Monday, February 16, 2015

Last Week in Indian Country

This is a recap of the stories that mattered most in Indian country last week:

IMPORTANT DOC: The Seventh Fire, a film that follows two gang members on the White Earth Reservation in Minnesota, premiered at the Berlin Film Festival to critical praise.

SKULL SURPRISE: A human skull thought to belong to a soldier who died at the Battle of Gettysburg turned out to belong to a Native American man who lived some 700 years ago. The skull was set to be auctioned last June with a number of other artifacts thought to also be from Gettysburg, but the auction was canceled after a public outcry.

CAREER-CHANGER: Just days after releasing his latest single “I’m not a Mascot, I’m Not a Stereotype, I’ve Been Watching,” Award-winning Cherokee Folk Musician Michael Bucher was involved in a serious accident resulting in the loss of three fingers on his right hand.

KXL WILL POLLUTE: The Environmental Protection Agency has given President Barack Obama a good reason to deliver on his promise to veto construction of the controversial $8 billion Keystone XL pipeline if adds to the greenhouse gas pollution that causes climate change—because, according to an assessment by the U.S. Environmental Protection Agency (EPA), that is exactly what it will do.

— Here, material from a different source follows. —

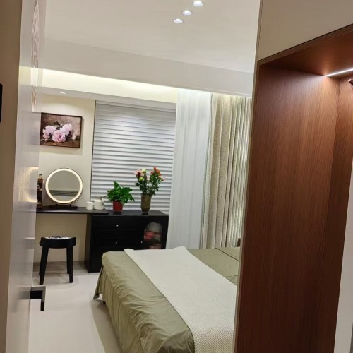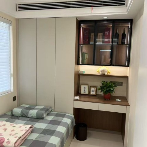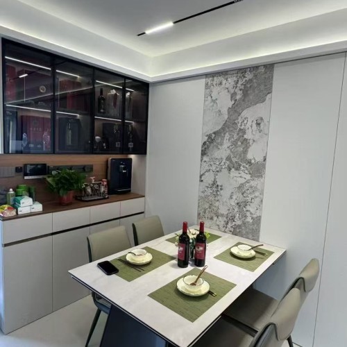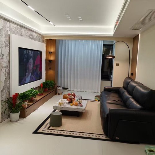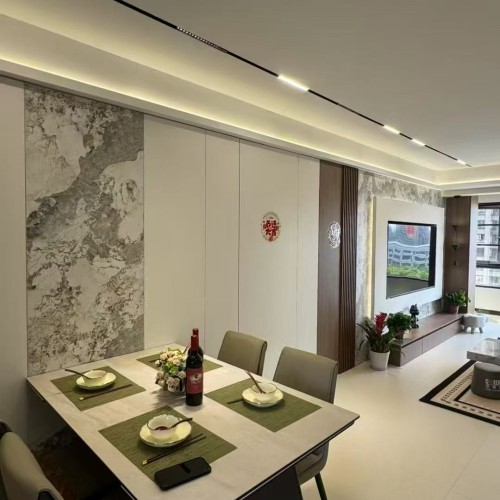 1. 项目概况:本案为一套住宅装修项目,旨在打造一个简洁、舒适且具时尚感的居住空间。设计师围绕现代风格展开设计,注重空间的合理规划与细节处理,通过运用简约的线条、中性的色调和精致的软装搭配,营造出温馨且富有格调的氛围。 2. 空间布局与设计亮点 ? 开放式餐厨区:厨房采用L型设计,浅灰色与白色的橱柜搭配黑色电器,简洁大方。无主灯设计搭配线性灯带,营造出科技感与时尚感。餐厅与厨房相连,白色岩板餐桌搭配浅灰色餐椅,一侧餐边柜兼具收纳与展示功能,玻璃柜门内陈列着酒品等,增添生活品味。 ? 一体化客餐厅:客厅与餐厅一体化设计,增强空间通透感。客厅以白色为主色调,搭配深色木质元素,电视背景墙结合大理石纹理与木质造型,简约大气。黑色皮质沙发搭配浅色茶几,绿植与装饰画点缀其间,落地窗帘让光线柔和进入。天花板线性灯带与筒灯组合,提供充足且有层次的照明。 ? 舒适卧室空间:卧室注重温馨与私密感。主卧以橄榄绿床品搭配白色墙面,木质元素增添自然温暖。床头吊灯提供局部照明,床边梳妆台满足日常梳妆需求。次卧风格简约,浅粉色床品搭配简约装饰画,营造出柔和氛围。儿童房布置简洁实用,书桌与收纳柜一体化设计,满足学习与收纳需求。 ? 简约卫浴间:卫生间采用干湿分离设计,玻璃淋浴房搭配黑色边框,时尚精致。白色台盆与灰色柜体组合,镜柜增加收纳空间,顶部线性灯带提升整体质感。 3. 装修选材与工艺:地面选用浅色系瓷砖,易于清洁且与整体风格协调。墙面多采用乳胶漆,部分区域运用大理石、木质饰面板等提升质感。施工工艺上,注重收口细节,如橱柜与墙面、吊顶与墙面的衔接处,均做到平整、美观。 4. 软装搭配与氛围营造:软装方面,通过绿植、装饰画、摆件等元素增添生活气息与艺术氛围。灯光设计上,不同空间根据功能需求设置不同类型灯具,实现基础照明、重点照明与氛围照明的结合,满足日常生活与情感氛围营造的双重需求。 经过精心设计与施工,本案成功打造出一个功能齐全、风格统一的现代风格住宅,为业主带来舒适、时尚的居住体验。

TOP HOOPER: On Sunday, February 8, Nakotah LaRance won the 25th annual World Hoop Dancing Championship at the Heard Museum in Phoenix.

HONORING FRANK: A pole honoring the late Billy Frank Jr. (1931-2014) now stands at Wa He Lut Indian School at Frank’s Landing on the Nisqually reservation in Washington State. The Salmon Totem Pole stands not far from where Frank and others were arrested multiple times for exercising their treaty fishing rights in the Fish Wars of the 1960s and 1970s.

DON'T SHOOT THE WOLF: Idle No More Duluth, based in northern Minnesota, is using the recent federal court ruling that put the gray wolf back on the endangered species list to call for respect by non-Natives of hunting bans enacted on most Minnesota Ojibwe tribal lands.

ROBIDEAUX DEMOTED: Top leaders with the U.S. Department of Health and Human Services (HHS) have pressed pause on the complicated tenure of Dr. Yvette Roubideaux, who has served as director of the Indian Health Service (IHS) since 2009. They cite legal reasons, but there is more to her demotion, department and Senate officials say.

RAPID CITY TENSION: With few announcements from the Rapid City Police Department or Mayor’s office since the January 24 abuse of 57 Lakota children in the town’s Rushmore Plaza Civic Center, calls for justice from Native communities continue to echo across the Northern Plains.

TRAGIC: Flags were lowered on Thursday February 12 in Regina and Ottawa as Canada mourned the deaths of four prominent artists in a horrific car wreck: Michele Sereda, 49, a co-founder and artistic director of the experimental theater company Curtain Razors; dancer and powwow instructor Lacy Morin-Desjarlais, 29, Saulteaux and M├ętis, of Regina; Michael Green, 58, of Calgary, a co-founder of the theater company One Yellow Rabbit, and Blackfoot elder Narcisse Blood, 60, Kainai First Nation.

REVERSAL: Seven months after Indian Heritage School in Seattle was designated a public landmark, Seattle Public Schools is now moving ahead with plans to demolish the 60-year-old school to make way for construction of a new elementary school and middle school.

JUSTICE?: Sentenced to three years for the sexual abuse of boys at a Saskatchewan residential school more than 50 years ago, convicted pedophile Paul Leroux has been granted full parole after serving just one year.

RETURN OF KICKING WING: Adam Beach has signed on to reprise his role of Kicking Wing in Joe Dirt 2: Beautiful Loser. For Beach, it's a chance to again share the screen with Christopher Walken, Dennis Miller, David Spade. But it's also an opportunity to consider the question: Why was Adam Beach in the original Joe Dirt at all?

SAD OCCASION: Many across Turtle Island observed Valentine's Day—not as a day of romance but as a commemoration of loss and celebration lives that are no more.